Abstracts
Dens invaginatus is a well-known malformation of teeth, which probably results from an invagination of enamel organ into dental papilla during tooth development. The endodontic treatment of invaginated teeth may be challenging due to difficulties in accessing the root canals and also due to complex variations of internal morphology. This article presents the endodontic management and follow-up in a rare case of right mandibular second premolar with Oehlers' type III dens invaginatus. The result of cold pulp testing was positive for this tooth but it was associated to a sinus tract and periapical lesion. Herein, it is described the root canal therapy of this tooth combined with periapical surgery, emphasizing the importance of proper diagnosis and planning by using cone beam computed tomography (CBCT). This case report presents the proper periapical healing 6 months after the combination of nonsurgical and surgical treatments. It also shows that CBCT is an important auxiliary examination to avoid errors in diagnosis and subsequent treatment of dental anomalies.

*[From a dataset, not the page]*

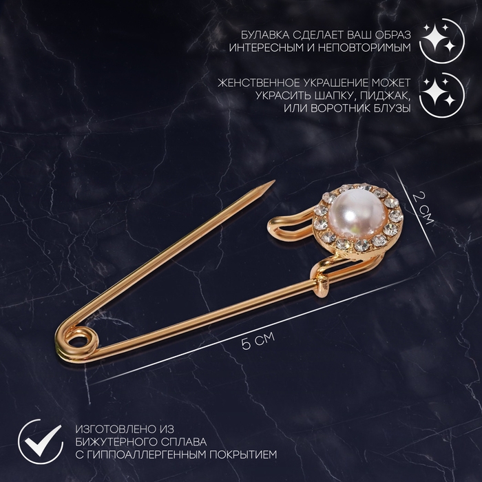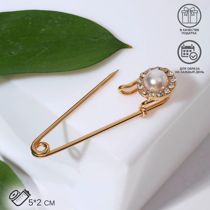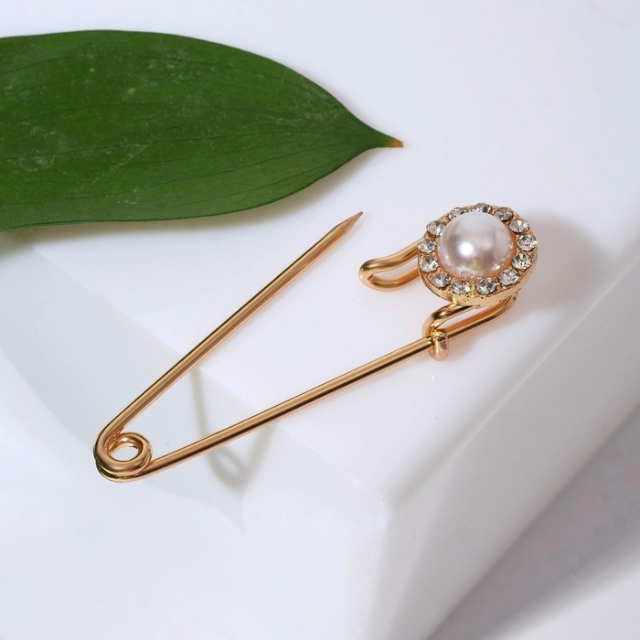 Булавка «Классика», круг, 5 см, цвет белый в золоте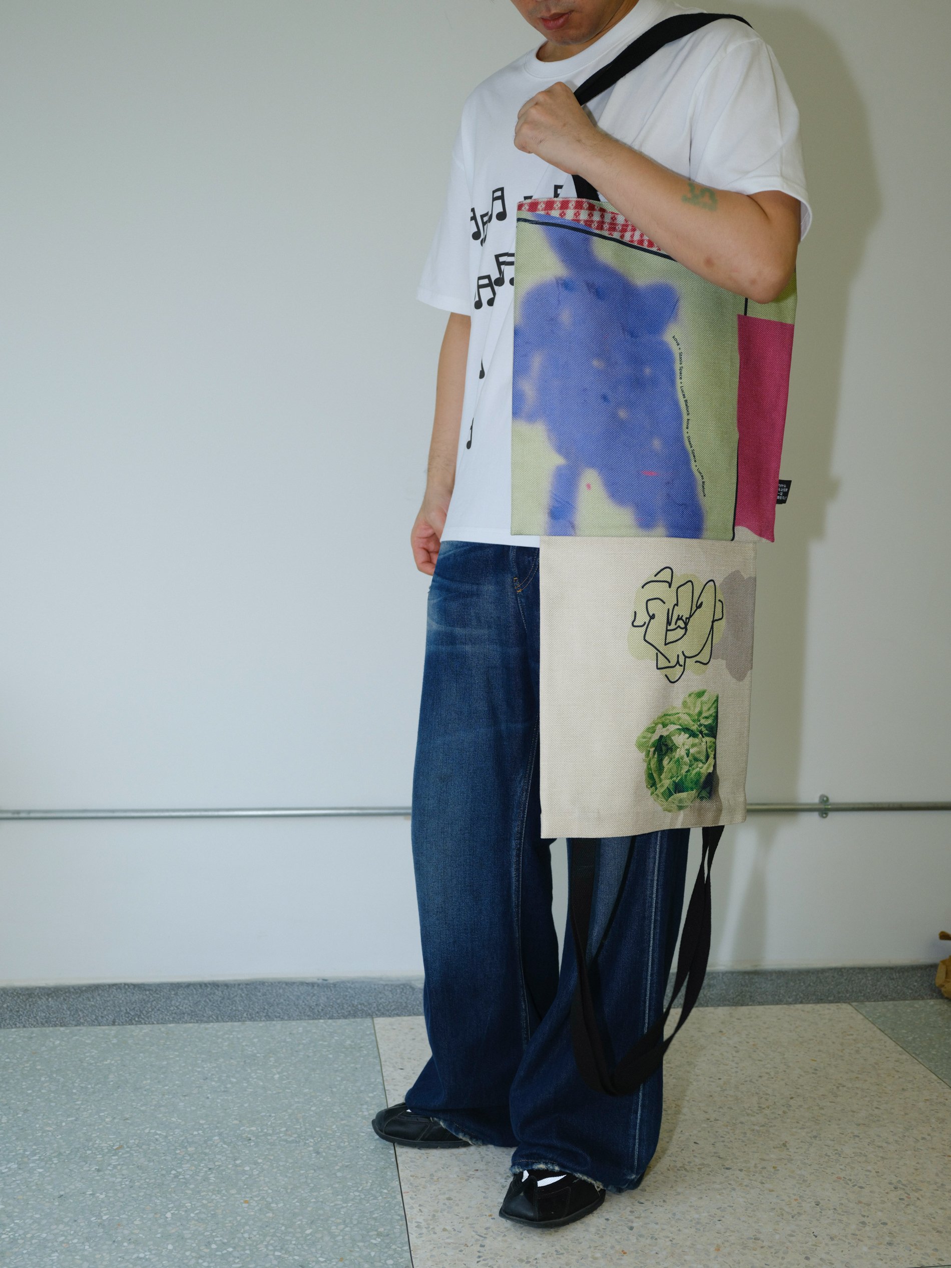 This piece features two interconnected tote sizes that adapt to various usage scenarios. By ingeniously "appropriating" the artworks and creative techniques of artist Lucas Blalock, this Sibling Tote Bag 2-in-1 allows users to switch between two visual narratives through a simple reversible design, creating an interactive dialogue with the artwork itself.

cone beam computed tomography; dens invaginatus; endodontic treatment; endodontic surgery; mandibular premolar
Dens invaginatus é uma malformação dentária já bem reconhecida, que provavelmente resulta de uma invaginação do órgão do esmalte para dentro da papila dentária durante o desenvolvimento do dente em questão. O tratamento endodôntico de dentes invaginados pode ser um desafio devido às dificuldades de acesso aos canais radiculares e também devido à complexidade da morfologia interna. Este artigo apresenta o manejo endodôntico e o acompanhamento de um caso raro de segundo pré-molar inferior direito com dens invaginatus Tipo III de Oehlers. O resultado do teste de sensibilidade pulpar ao frio foi positivo para este dente, mas o mesmo estava associado a uma fístula e lesão periapical. Relata-se o tratamento de canal deste dente associado à cirurgia periapical, enfatizando a importância de um correto diagnóstico e plano de tratamento, utilizando a tomografia computadorizada de feixe cônico (TCFC). Este relato de caso mostra reparo periapical adequado 6 meses após a combinação dos tratamentos não-cirúrgico e cirúrgico. Mostra também que a TCFC é um importante exame auxiliar para evitar erros no diagnóstico e posterior tratamento de anomalias dentárias.
Introduction
Dens invaginatus (DI), also known as ‘dens in dente’, is a dental anomaly marked as an early invagination of enamel and dentine that may extend deep into the pulp cavity and to the roots, sometimes reaching the apex (1). The reported prevalence of permanent teeth affected with DI is variable, ranging from 0.3% to 10%, due to methodological differences in the cohorts studies, identification criteria used and diagnostic difficulties (2). The most commonly affected tooth is the maxillary lateral incisor (1). This condition may coexist with other anomalies, such as talon cusps (3). DI rarely occurs in mandibular posterior teeth, extending from the occlusal pit. Few cases have been reported in mandibular premolars (4-6).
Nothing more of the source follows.